Menanggapi klaim tim investigasi yang menyebut adanya proses pemberian air menggunakan selang selama 2 hingga 4 jam per ekor sapi, Abah Edy Macan tidak tinggal diam. Ia balik menantang pihak media tersebut untuk tidak sekadar melempar narasi kosong tanpa dasar yang kuat.
"Kami nyatakan dengan tegas bahwa tudingan penggelonggongan itu 100 persen HOAX! Jika memang tim investigasi Anda mengaku melakukan penelusuran dan mengantongi keterangan, kami tantang Anda untuk membuka bukti otentiknya kepada publik. Mana bukti dokumennya? Mana foto atau video yang memperlihatkan sapi-sapi kami disiksa dan dipaksa minum berjam-jam?" tegas Abah Edy Macan.
Menurutnya, sebuah investigasi jurnalistik harus dilandasi dengan bukti empiris, bukan sekadar asumsi atau "katanya" dari sumber-sumber yang kredibilitasnya patut dipertanyakan. Tanpa adanya bukti visual berupa foto atau rekaman video saat kejadian, tuduhan tersebut hanyalah pembunuhan karakter.
Sebagai tokoh yang menjabat sebagai Ketua DPP Madas Sedarah Bidhub Pemerintah TNI dan Polri, Abah Edy Macan sangat menyayangkan adanya framing negatif dari media yang bersangkutan.

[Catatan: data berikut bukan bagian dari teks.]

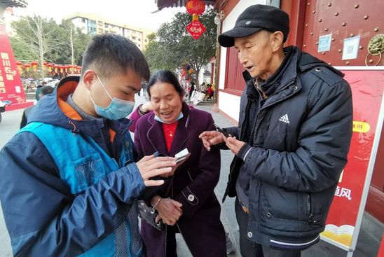 “请您到这边配合检测体温、登记信息。”“出门一定要正确佩戴口罩。”2月1日,东北大学第22届研支团志愿者叶嘉明、薛兆谨作为四川省三台县建设街社区疫情联防联控志愿者队伍的领队,正带领返乡大学生志愿者开展疫情防控工作。宣传疫情防控知识、为进出人员测量体温、逐户上门走访帮助居民注册健康码,在叶嘉明、薛兆谨的带领下,志愿服务团队共走访10余所小区,覆盖住户2000余人。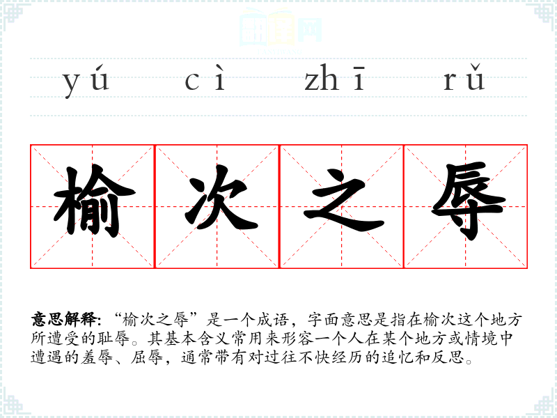 该成语源于历史上的一个典故,具体出自《左传》。据说春秋时期,晋国的一个大夫在出征时被敌国俘获,后来逃回,因其在榆次遭受屈辱而感到非常痛苦。这件事情被后人传颂,成为了一个象征屈辱经历的典故。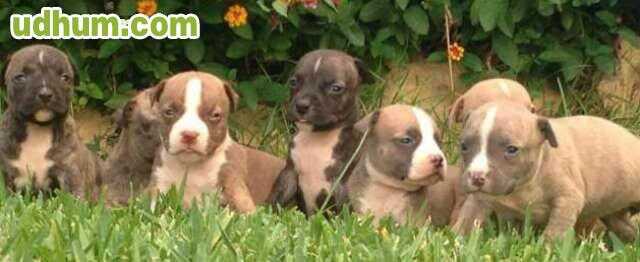 American Stanford, disponemos de cachorros de entre 8 y 16 semanas. Machos y hembras con vacunas y cartilla al dia, desparasitación interna y externa, chip implantado, garantia genetica y congnetica de pureza de raza de 2 años. Disponemos de más de 2

Pihaknya memberikan peringatan keras bahwa menyebarkan informasi bohong (hoax) dan tuduhan tanpa bukti nyata memiliki konsekuensi hukum yang serius. Apabila pihak penuding gagal memberikan bukti otentik berupa foto atau video yang membenarkan tuduhan mereka, pihak Abah Edy Macan tidak akan segan untuk mengambil langkah hukum terkait dugaan pencemaran nama baik dan penyebaran fitnah.
"Kami tunggu bukti otentik Anda. Jangan berlindung di balik kata 'investigasi' jika yang disajikan hanyalah hoax dan opini sepihak yang menyesatkan masyarakat. Apabila oknum penuding tidak bisa memberikan bukti-bukti yang kami minta, kami anggap oknum tersebut telah melanggar undang-undang jurnalistik, dan kami tidak akan segan untuk melapor ke pihak yang berwajib, karena kami sudah mengantongi bukti CCTV," pungkasnya.